See Supplemental Data 11 and 12 for detailed data.
Figure 3.
Heatmap displaying CNVs of bHLHs in the barley pangenome
The gene copy numbers for the 64 barley bHLH pangenes with CNVs were used for heatmap construction. Clustering based on CNV was implemented at both the gene and variety levels.

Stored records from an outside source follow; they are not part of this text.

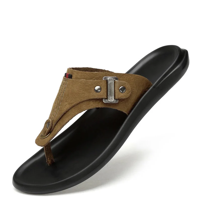 Мужские шлепанцы из натуральной кожи; Пляжная обувь; Мужские Вьетнамки; Летние шлепанцы на плоской подошве; Мужские шлепанцы роскошного размера плюс 45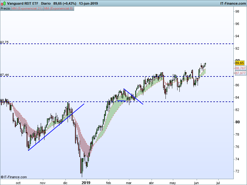 La familia de activos inmobiliarios también presenta en estos momentos un aspecto interesante, tras romper resistencias y consolidar por encima de ellas. Podríamos tener un recorrido de un 3-4% antes de enfrentarse a la siguiente resistencia significativa.
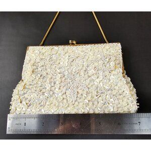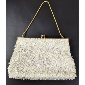 Beaded Clutch Purse Evening Bag Hand Made in Hong Kong MCM Sequin Ivory 7"x4.5"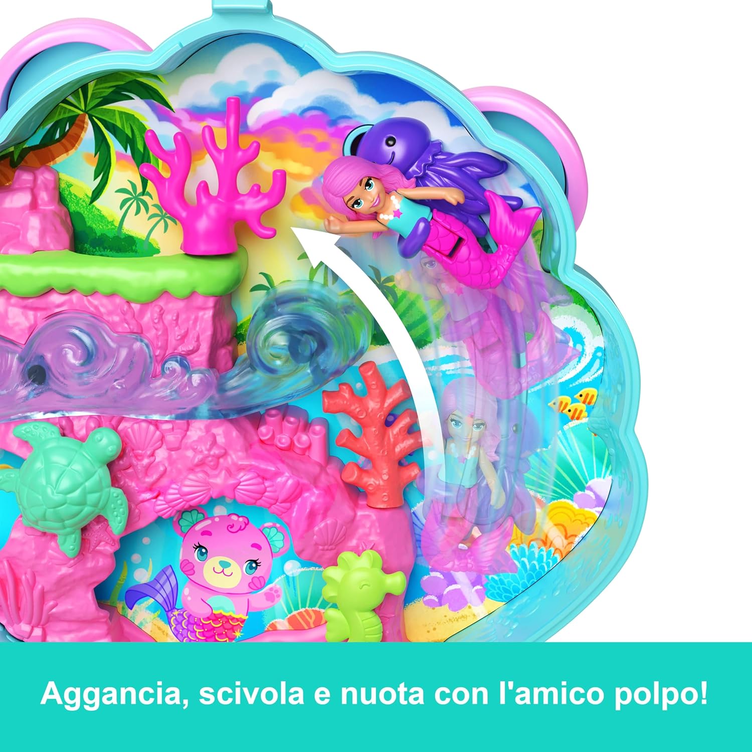 • Una fantastica giornata in spiaggia! Questo cofanetto Polly Pocket Glitter Island è dotato di una micro sirena e 11 accessori, inclusi gli animali.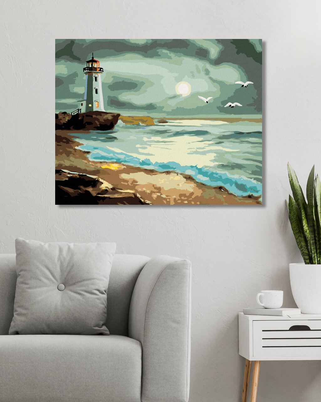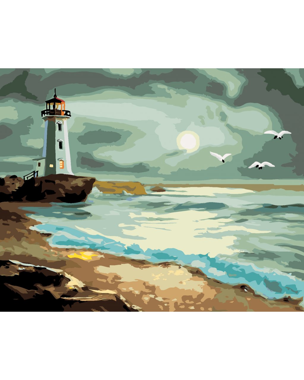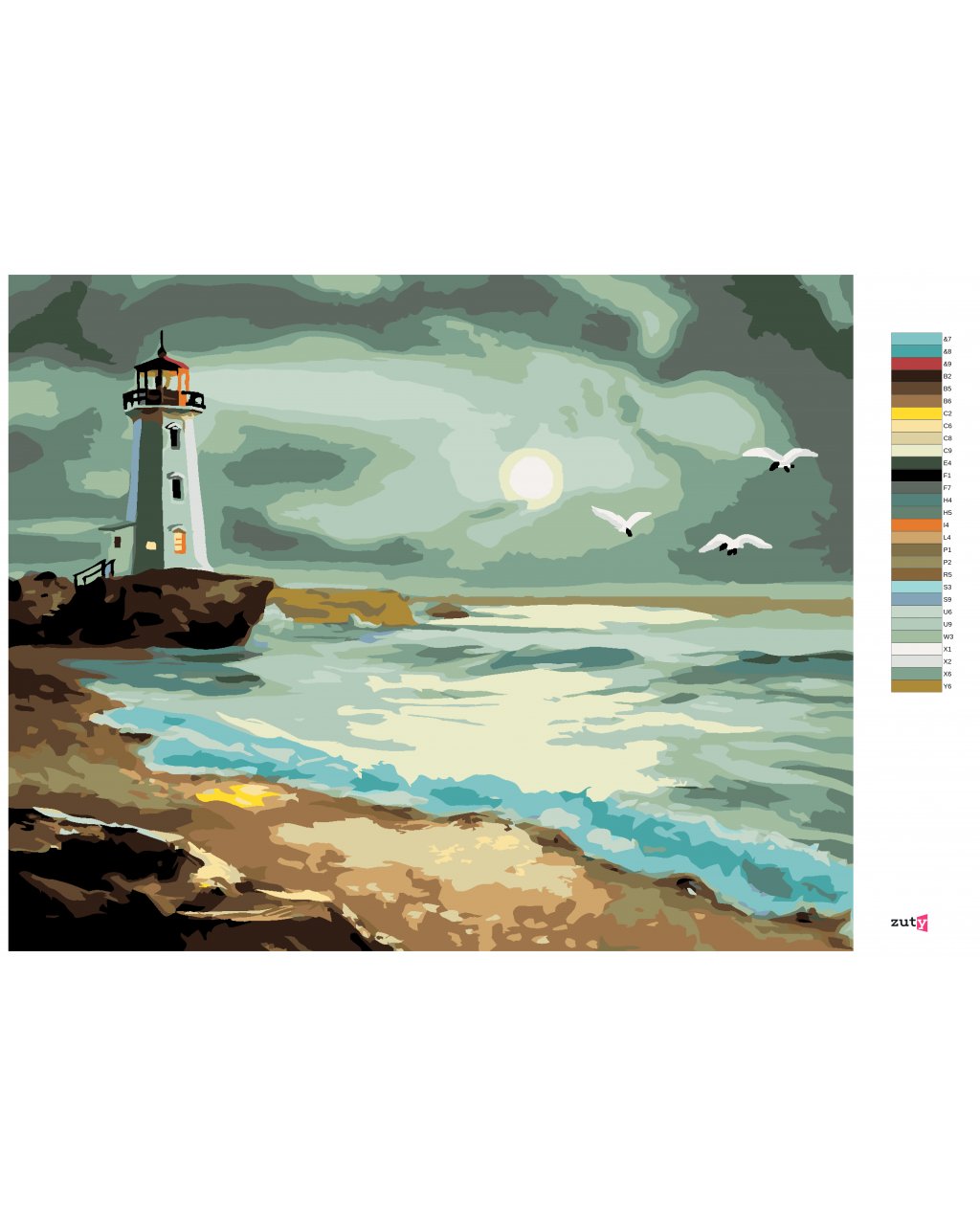Malování podle čísel - MAJÁK OSVĚTLUJÍCÍ PO MOŘE PŘED BOUŘÍ (D. RUSTY RUST)
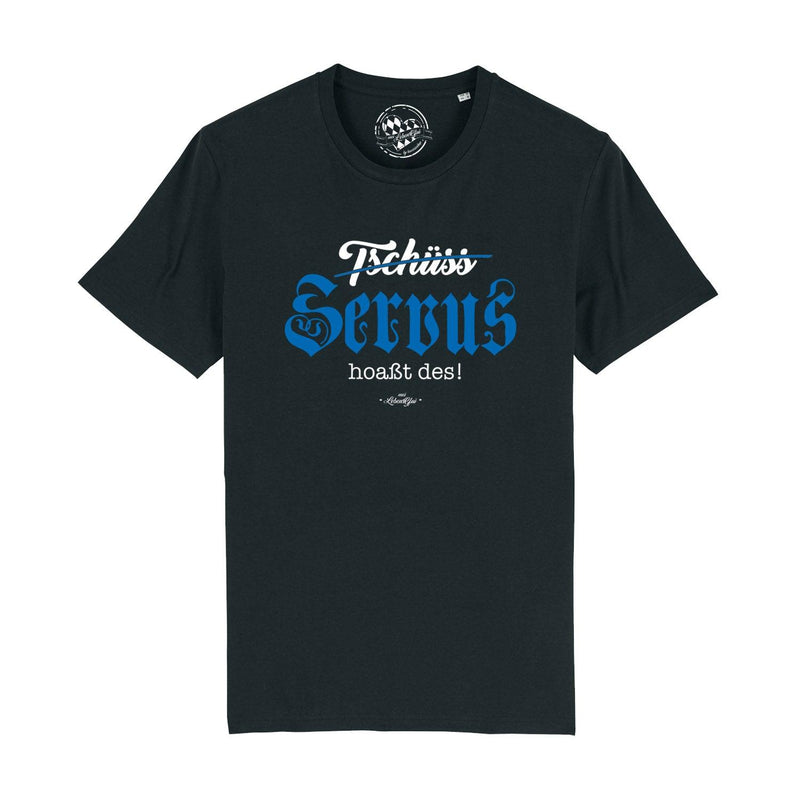 Herren T-Shirt in Schwarz mit weißem Frontprint „Servus hoaßt des!“, Rundhals, 100 % Bio-Baumwolle, kurzarm.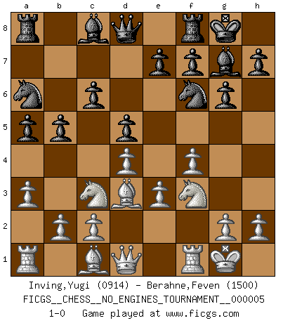 Last move : 1-0 2008 April 3 6:52:25 [Event "FICGS__CHESS__NO_ENGINES_TOURNAMENT__000005"] [Site "FICGS"] [Date "2008.02.16"] [Round "1"] [White "Inving,Yugi"] [Black "Berahne,Feven"] [Result "1-0"] [WhiteElo "0914"] [BlackElo "1500"] 1.f4 d5 2.Nf3 Nf6 3.e3 g6 4.Bb5+ c6 5.Be2 Bg7 6.Nc3 O-O 7.d4 b5 8.O-O a5 9.Bd3 Na6 10.a3 1-0 This chess game has been lost on time (started : 2008.02.16 20:25:17) Bird's Opening Kingside Castling by player Black (move 6) Kingside Castling by player White (move 8) Player White won this chess game. Follow this game move after move (download)When I asked Fischer why he had not played a certain move in our game, he replied: 'Well, you laughed when I wrote it down !' (Mikhail Tal) Korrekt heißt in Deutschland die Haltung eines Mannes, dessen Benehmen nach dem Urteile seiner Nachbarn seiner Stellung angemessen ist. Um korrekt zu sein, muß man sich der Meinung der anderen anpassen... (Emanuel Lasker) Fischer deseaba darle a los Rusos una sopa de su propia medicina. (Larry Evans) Nous sommes les pions de la mystérieuse partie d'Echecs jouée par Dieu. Il nous déplace, nous arrête, nous pousse encore, puis nous lance un à un dans la boîte du Néant. Epitaphe sur la tombe de David Janowsky (1868-1927). Computers have lots of memory but no imagination. (Anonymous)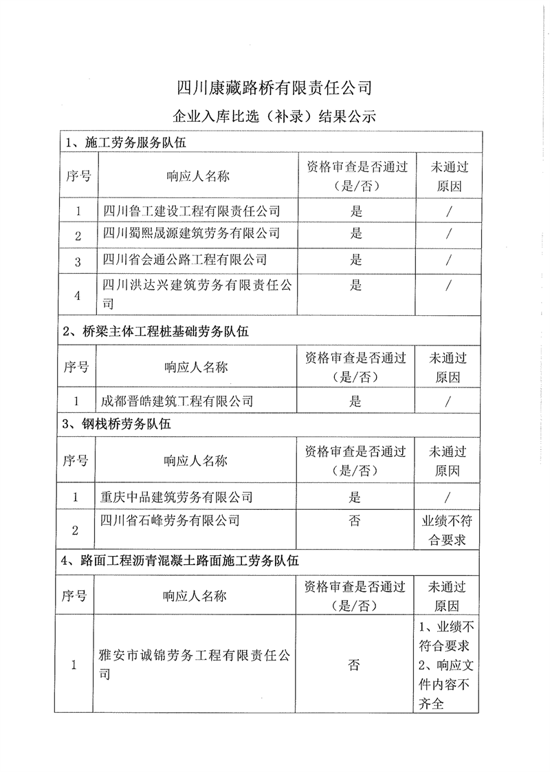 四川康藏路桥有限责任公司企业入库比选(补录)结果公示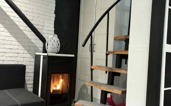 Budynek ogrzewany piecem na palet , podłączony do ogrzewania podłogowego.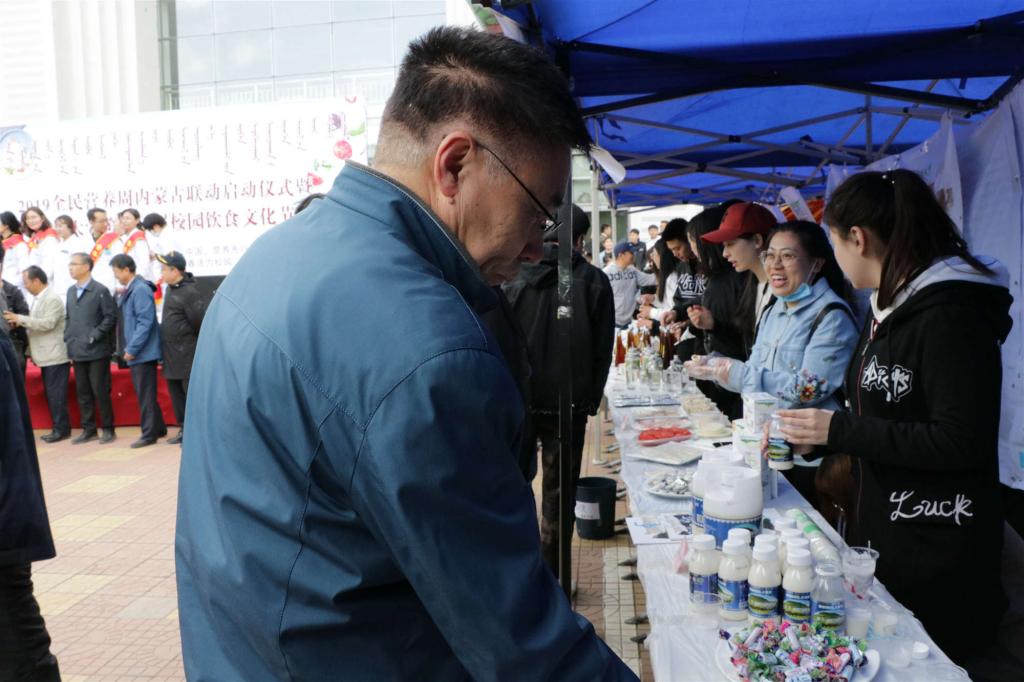 5月12日上午,由校党委宣传部、团委、内蒙古营养学会主办,伟德体育官网和饮食服务中心承办,内蒙古人民医院、内蒙古疾病预防控制中心、内蒙古妇幼保健院、呼和浩特市疾病预防控制中心、内蒙古预防医学会、包头医学院 、包头保健营养美食学会及营养学会其他团队共同协办的2019全民营养周内蒙古联动启动仪式暨内蒙古农业大学第13届校园饮食文化节开幕式在西区桃园餐厅广场举行。内蒙古自治区卫生与健康委员会疾控处处长蓝峰、内蒙古自治区科学技术协会学会部部长刘卫江、内蒙古自治区疾病综合防控中心慢病研究所所长夏亚娟、内蒙古自治区疾病综合防控中心公共卫生所副所长高昇、内蒙古蒙牛集团研发中心、第十三届全国人大代表研发工程师史玉东、内蒙古自治区人民医院临床营养中心主任郭瑞芳、内蒙古妇幼保健院主任杨缨、呼和浩特市疾病预防控制中心主任徐能智、校关心下一代工作委员会副主任高潮、校党委宣传部部长王忠东、校团委书记李伟威、校学生工作处处长韩瑞平、校后勤总支书记王平平、校后勤饮食服务中心经理陈立永、伟德体育官网党委书记郑培亮、伟德体育官网教授、内蒙古营养学会理事长郭军以及联动单位领导、专家以及学校相关职能处室的领导、老师和同学到场参加。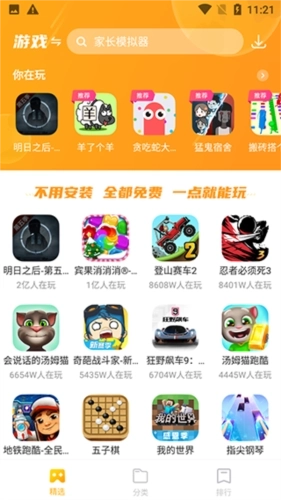 2、首页有精选的游戏,全都不用安装,一点就能免费玩。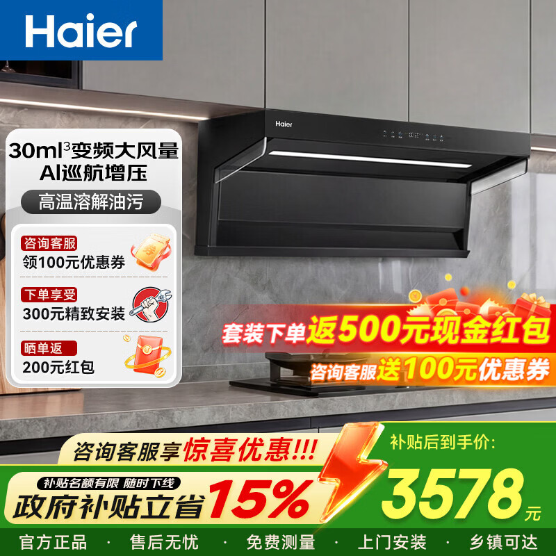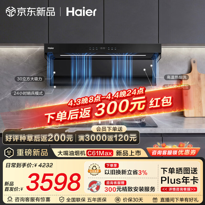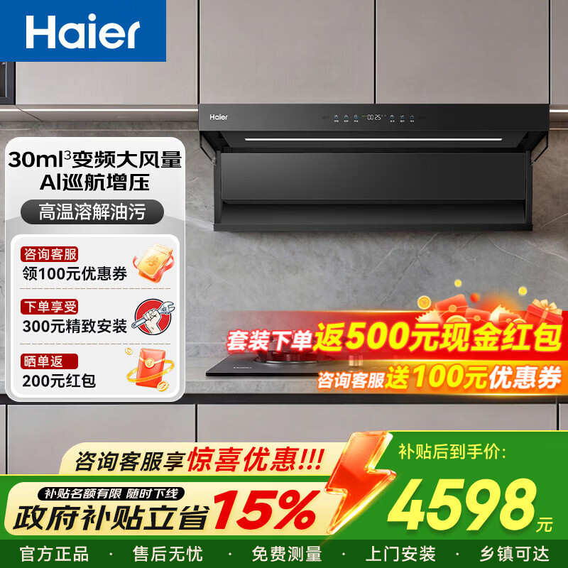 海尔(Haier)抽吸排油烟机C61MAX 顶侧双吸家用30风量大吸力热熔洗 上门安装以旧换新 搭67%热效油烟机灶具套装

The complete gene copy matrix for 201 pangenes is provided in Supplemental Data 10.
To explore the mechanism of bHLH expansion in barley, the gene duplication types and syntenic relationships of the bHLHs were characterized. The genomic locations of 151 annotated and 10 newly predicted bHLHs in Morex are shown in Supplemental Figure 2. Chromosomes 1H and 6H had the lowest numbers of bHLHs, whereas the other chromosomes contained more bHLHs. A total of 38, 13, 6, and 94 bHLHs were identified as whole genome/segmental (purple), tandem (green), proximal (pink), and dispersed (blue) duplicates, respectively, suggesting that bHLHs in barley have mainly expanded via dispersed duplication.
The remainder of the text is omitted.